> TASK DATA
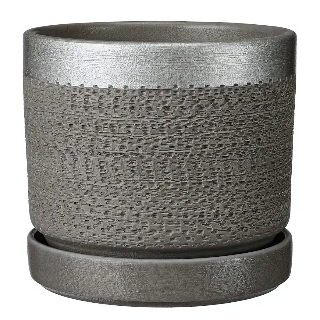 Керамический горшок серии «Брюссель» сочетает элегантность и практичность, подчеркивая красоту комнатных растений. Цилиндрическая форма с рельефным узором создаёт эффект ручной работы, а благородный серо-серебристый оттенок гармонично впишется в любой интерьер.
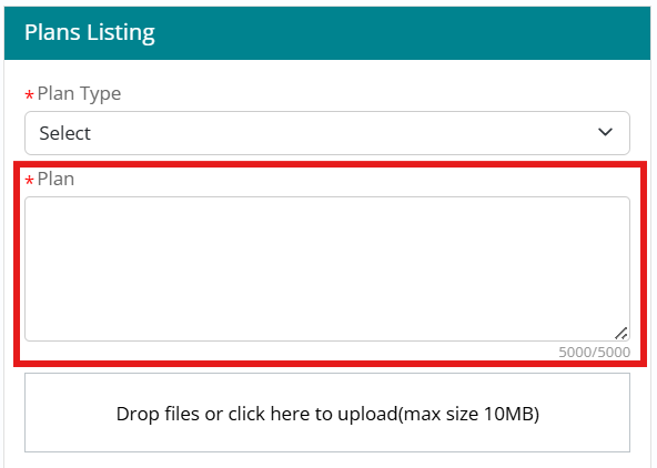 Plan : Character Length of the Plan field changed to 5000 characters on Change Plan section
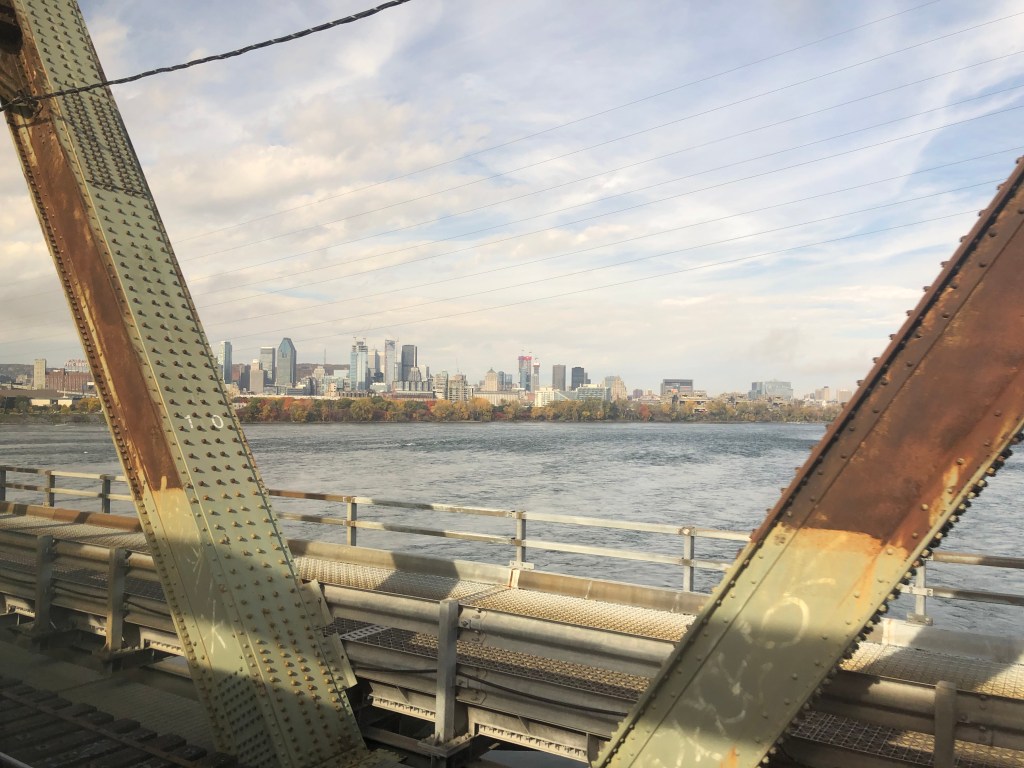 Eventually it was time for bed. The cabin had been transferred to night mode by the car attendant. It wasn’t the comfiest of beds. I found I could only sleep on my right hand side otherwise I was likely to fall out. The train rattles, rolls and is quite noisy but despite this I slept very well. That might have been down to medication I was taking for a cold I’d developed just as I was setting out for Canada a couple of days earlier. If it was the Canadian version of Night Nurse that resulted in me sleeping like a log then I’m mightily impressed. I woke up as the province of Quebec was passing outside, not that I could see much of it due to the morning mist. The clocks had also gone back an hour as I crossed into the second of five time zones on this trip. The en-suite was most welcome and fresh as a daisy I headed for breakfast. This is done on a first come, first served basis but I walked straight in. Breakfast is a big affair in Canada. Even I, who has a healthy appetite, couldn’t manage it all. Eventually the mist burnt off to reveal flat farmland and trees that were somehow even more spectacular than those I’d seen the previous day. Eventually we found ourselves in the suburbs of Montreal and crossing the mighty St Lawrence River, we pulled into Montreal Central Station, arriving an hour late just shy of 11am local time. This was a bit of a shame as I had hoped to get myself on the 11am train to Toronto but it was pulling out of the adjacent platform as I headed to the main concourse.
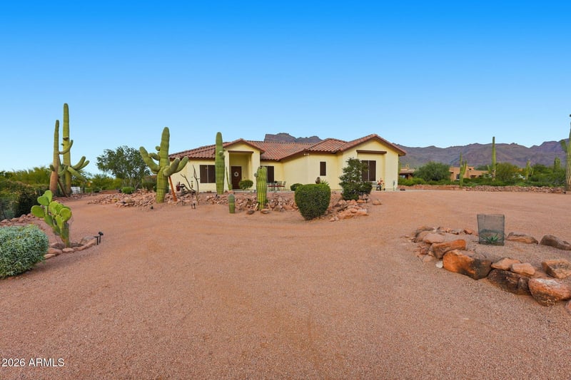 Listing details for 1067 Trigger Ct, Apache Junction, AZ 85119 : Welcome to 1067 S Trigger CT, where desert beauty meets refined living in the heart of Apache Junction. Tucked away off a low traffic street this exceptional property offers breathtaking views of the Superstition Mountains, open skies, and the kind of tranquility that makes Arizona living so desirable. An oversized RV garage with additional RV hookups, massive amounts of storage, separate 2 car garage, and additional power for an EV station as well. Step inside to discover a thoughtfully designed layout filled with natural light, spacious living areas, and seamless indoor-outdoor flow. Whether you're entertaining guests or enjoying a quiet evening at home, the atmosphere is warm, inviting, and effortlessly comfortable. Open kitchen concept, ideal for gathering, this smart home is all set up for creating and connecting! Outside, the property truly shines. Enjoy stunning sunrises and unforgettable desert sunsets with ample space to relax, entertain, or customize your own private oasis. Custom built infinity pool in 2021 with rockslide & waterfall, interior benches, and the mountains as your backdrop, every day feels like a retreat. There is a large outdoor area ideal for entertaining, celebrations, gatherings or weddings & don't forget, this property is NOT in an HOA. Conveniently located near outdoor recreation, hiking trails, lakes, dining, and shopping yet far enough away to enjoy peace and privacy this home offers the perfect balance of lifestyle and location. A rare opportunity to own a slice of Arizona beauty this is more than a home, it's a way of life.
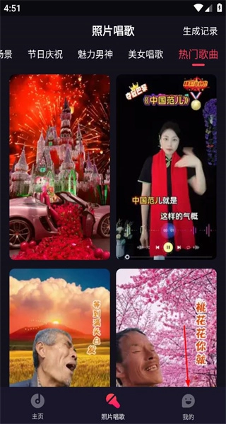 打开软件后,进入对应的页面,页面顶部设有分类标签,展示了多款唱歌效果的内容,接着点击“我的”。
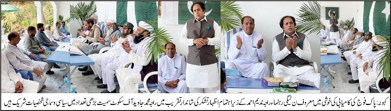 Gratitude Ceremony Held by PML-N Leader Raja Nadeem Ahmed to Celebrate Pakistan Army’s Victory

> AIM OF THE EXERCISE
Exactly as written, print each entry, leaving all pictures out.

> TASK OUTPUT
 Керамический горшок серии «Брюссель» сочетает элегантность и практичность, подчеркивая красоту комнатных растений. Цилиндрическая форма с рельефным узором создаёт эффект ручной работы, а благородный серо-серебристый оттенок гармонично впишется в любой интерьер.
 Plan : Character Length of the Plan field changed to 5000 characters on Change Plan section
 Eventually it was time for bed. The cabin had been transferred to night mode by the car attendant. It wasn’t the comfiest of beds. I found I could only sleep on my right hand side otherwise I was likely to fall out. The train rattles, rolls and is quite noisy but despite this I slept very well. That might have been down to medication I was taking for a cold I’d developed just as I was setting out for Canada a couple of days earlier. If it was the Canadian version of Night Nurse that resulted in me sleeping like a log then I’m mightily impressed. I woke up as the province of Quebec was passing outside, not that I could see much of it due to the morning mist. The clocks had also gone back an hour as I crossed into the second of five time zones on this trip. The en-suite was most welcome and fresh as a daisy I headed for breakfast. This is done on a first come, first served basis but I walked straight in. Breakfast is a big affair in Canada. Even I, who has a healthy appetite, couldn’t manage it all. Eventually the mist burnt off to reveal flat farmland and trees that were somehow even more spectacular than those I’d seen the previous day. Eventually we found ourselves in the suburbs of Montreal and crossing the mighty St Lawrence River, we pulled into Montreal Central Station, arriving an hour late just shy of 11am local time. This was a bit of a shame as I had hoped to get myself on the 11am train to Toronto but it was pulling out of the adjacent platform as I headed to the main concourse.
 Listing details for 1067 Trigger Ct, Apache Junction, AZ 85119 : Welcome to 1067 S Trigger CT, where desert beauty meets refined living in the heart of Apache Junction. Tucked away off a low traffic street this exceptional property offers breathtaking views of the Superstition Mountains, open skies, and the kind of tranquility that makes Arizona living so desirable. An oversized RV garage with additional RV hookups, massive amounts of storage, separate 2 car garage, and additional power for an EV station as well. Step inside to discover a thoughtfully designed layout filled with natural light, spacious living areas, and seamless indoor-outdoor flow. Whether you're entertaining guests or enjoying a quiet evening at home, the atmosphere is warm, inviting, and effortlessly comfortable. Open kitchen concept, ideal for gathering, this smart home is all set up for creating and connecting! Outside, the property truly shines. Enjoy stunning sunrises and unforgettable desert sunsets with ample space to relax, entertain, or customize your own private oasis. Custom built infinity pool in 2021 with rockslide & waterfall, interior benches, and the mountains as your backdrop, every day feels like a retreat. There is a large outdoor area ideal for entertaining, celebrations, gatherings or weddings & don't forget, this property is NOT in an HOA. Conveniently located near outdoor recreation, hiking trails, lakes, dining, and shopping yet far enough away to enjoy peace and privacy this home offers the perfect balance of lifestyle and location. A rare opportunity to own a slice of Arizona beauty this is more than a home, it's a way of life.
 打开软件后,进入对应的页面,页面顶部设有分类标签,展示了多款唱歌效果的内容,接着点击“我的”。
 Gratitude Ceremony Held by PML-N Leader Raja Nadeem Ahmed to Celebrate Pakistan Army’s Victory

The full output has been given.